But those essential services still take manpower to continue uninterrupted. Essential workers are still required to operate control rooms and make house calls. 

With stay-at-home orders still in place, how are these people keeping themselves and others safe while keeping the lights on and the tap running? 

Dave Johnson is the deputy general of engineering and operations at the Southern Nevada Water Authority.

“We have a state-of-the-art water treatment and delivery system that we are operating with dedicated professionals to ensure that when the residents of Southern Nevada turn on that tap that water flows,” Johnson said.

Johnson said the SNWA has had a pandemic plan in place for at least the last decade and it has drilled that plan to make sure it works.

Currently, a majority of the water authorities workers are working remotely. However, about 400 employees have to go in to work.

“We’re working very hard to ensure that social distancing is occurring and that we are putting all best practices in place for those people who are working on-site,” he said.

If the pandemic worsens, Johnson said the agency has a plan to maintain service even if a lot of employees become sick.

“We actually have the capability of being able to do almost all of our functions remotely if we get to a point where we’re experiencing significant loss," he said.

The agency also decided several weeks ago that it would not shut off a customer's water for a lack of payment.

Another critical service is electricity.

Shahzad Lateef is the vice president of transmission at NV Energy. He told KNPR's State of Nevada that the utility triggered its emergency plan in January when concerns about the virus in the United States started to grow.

The agency made sure as many employees who could work from home had the ability to do so and now 60 percent of employees are working remotely.

The field employees have been separated into pods of six to eight employees. Lateef said the pods don't interact with each or share tools and equipment.

The agency has activated a control room that is generally used as a backup control room and separated employees who work in the control room into pods as well. Those pods are separate from everyone else.
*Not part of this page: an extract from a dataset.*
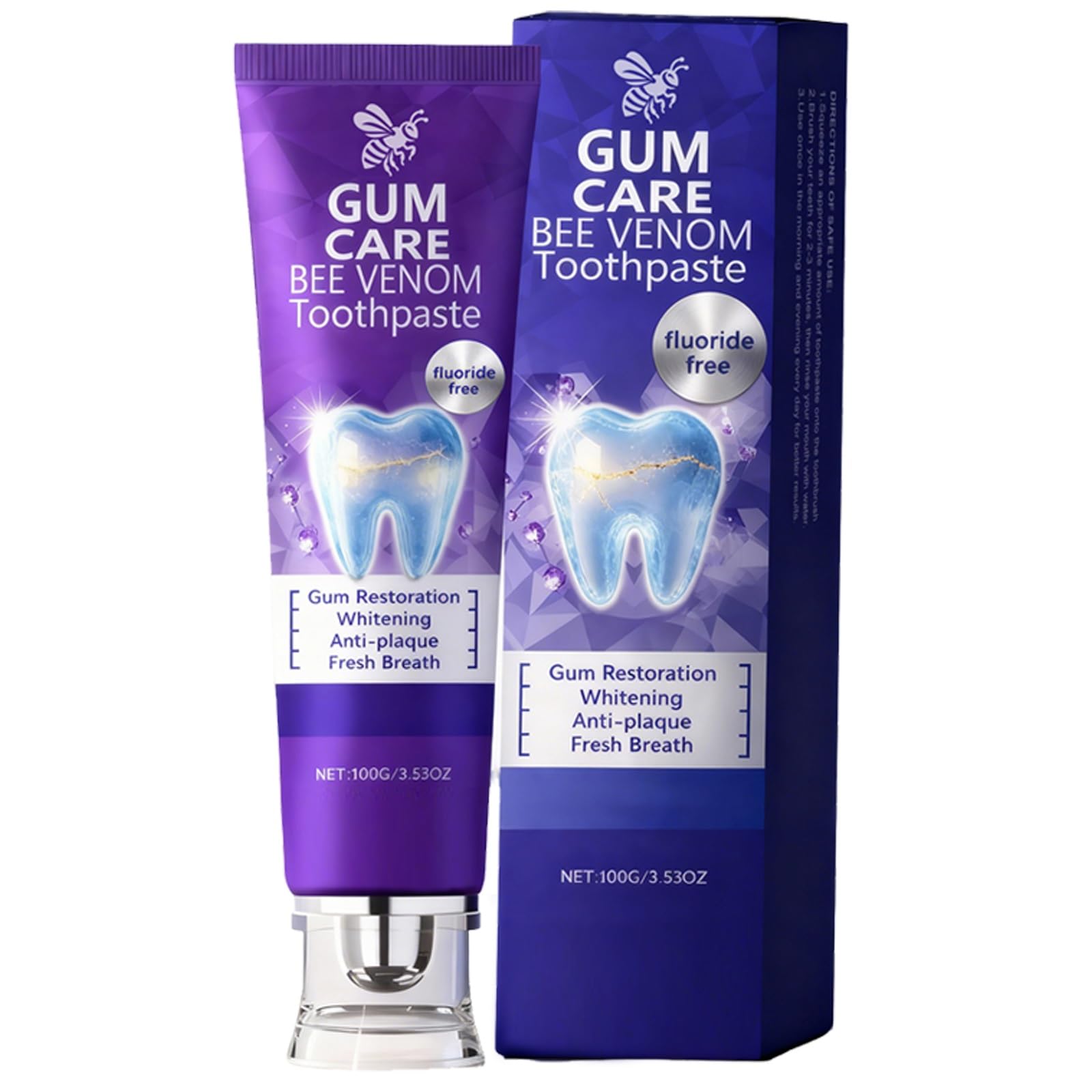 Rolimey Viocore Bee Venom Dental Treatment Toothpaste, Natural Teeth Whitening Toothpaste, Gum Therapy Bee Venom Toothpaste, Teeth Whitening Gel, Anti-Plaque, Frosh Broath for Men and Women Features: Soothes gums and visibly whitens teeth with bee venom and herbs. Deeply cleans stains while brightening for a healthier smile. Fights bad breath for all-day freshness. Gentle and invigorating mint cream for the whole family. Absorbs easily and cleans deeply without damaging enamel. Specifications: Name: Teeth Whitening Toothpaste Weight: 100g Package Contains: 1 2 Bee Venom Toothpaste Safety Warning: For external use only. Do not swallow. Keep out of reach of children. Stop use and consult a dentist if irritation occurs.Easy to use: Simply apply this teeth-whitening gel toothpaste and brush as usual. The gentle bee venom formula is easily absorbed without damaging enamel, for a deep clean with ease. Gentle Care Designed for everyday family use. Its silky-cream texture is gentle yet effective, combined with an invigorating mint flavor that transforms brushing into a refreshing ritual. Fresh Breath Oral Health The cleansing formula fights bad breath to keep your breath fresh, making it the perfect everyday choice. Deep Clean: Our advanced bee venom formula deep cleans to remove stains and residue, while the whitening gel helps teeth shine and ensures long-lasting comfort for a healthier smile. Bee Venom Toothpaste Infused with bee venom and natural herbs, this formula gently soothes sensitive gums while working to visibly whiten teeth, revealing a naturally brighter smile with continued use.Rolimey Viocore Bee Venom Dentifrice de traitement dentaire, dentifrices naturels for blanchir les dents, dentifrice for thérapie des gencives, gel de blanchiment des dents, anti-plaque(1 PCS)DESCRIPTION DU PRODUIT Rolimey Viocore Bee Venom dentifrice de traitement dentaire, dentifrices naturels blanchissant les dents, Gum Therapy Bee Venom Dentifrices, gel de blanchiment des dents, Anti-Plaque, Frosh Broath for hommes femmes Caractéristiques: Apaise les gencives et blanchit visiblement les dents grâce au venin d'abeille et aux herbes. Nettoie les taches en profondeur tout en éclaircissant for un sourire plus sain. Combat la mauvaise haleine for une fraîcheur toute la journée. Crème à la menthe douce et vivifiante for toute la famille. S'absorbe facilement et nettoie en profondeur sans endommager l'émail. Caractéristiques: Nom: dentifrice blanchissant les dents Poids : 100g Le paquet contient : 1 2 dentifrice au venin d'abeille Avertissement de sécurité Pour usage externe uniquement. Ne pas avaler. Tenir hors de portée des enfants. Cesser l'utilisation et consulter un dentiste en cas d'irritation.Facile à utiliser : appliquez simplement ce dentifrice gel blanchissant les dents et cette brosse comme d'habitude. La formule douce au venin d'abeille est facilement absorbée sans endommager l'émail, for un nettoyage en profondeur en toute simplicité. Soins doux Conçu for un usage familial quotidien. Sa texture crème soyeuse est douce mais efficace, associée à une saveur de menthe revigorante qui transforme le brossage en un rituel rafraîchissant. haleine fraîche et santé bucco-dentaire la formule nettoyante combat la mauvaise haleine for garder votre haleine fraîche, ce qui en fait le choix quotidien parfait. Nettoyage en profondeur : notre formule avancée de venin d'abeille nettoie en profondeur for éliminer les taches et les résidus, tandis que le gel blanchissant aide les dents à briller et assure un confort durable for un sourire plus sain. Dentifrice au venin d'abeille Infusée de venin d'abeille et d'herbes naturelles, cette formule apaise en douceur les gencives sensibles tout en travaillant à blanchir visiblement les dents, révélant un sourire naturellement plus éclatant avec une utilisation continue.

“By creating those isolations and having those pods available, we’re establishing some protocols that even in the worst-case scenario we can continue to provide essential services to our customers," he said.

In addition to employee protocols to ensure that power keeps flowing during the outbreak, Lateef said the agency double-checked equipment vital to medical services.

“What we have done from the reliability perspective, we have patrolled all of our services that serve critical facilities, like hospitals, and even some of the temporary facilities where some of the testing is being conducted,” he said, "We’re already prepared in case there is an outage due to a weather event or any other event. We are prepared for a restoration plan already in hand so we can effectively restore service much faster than we typically do.”

The power company must be prepared at all times for weather that might knock out lines, but as far as the current situation, Lateef said it is prepared to keep service going.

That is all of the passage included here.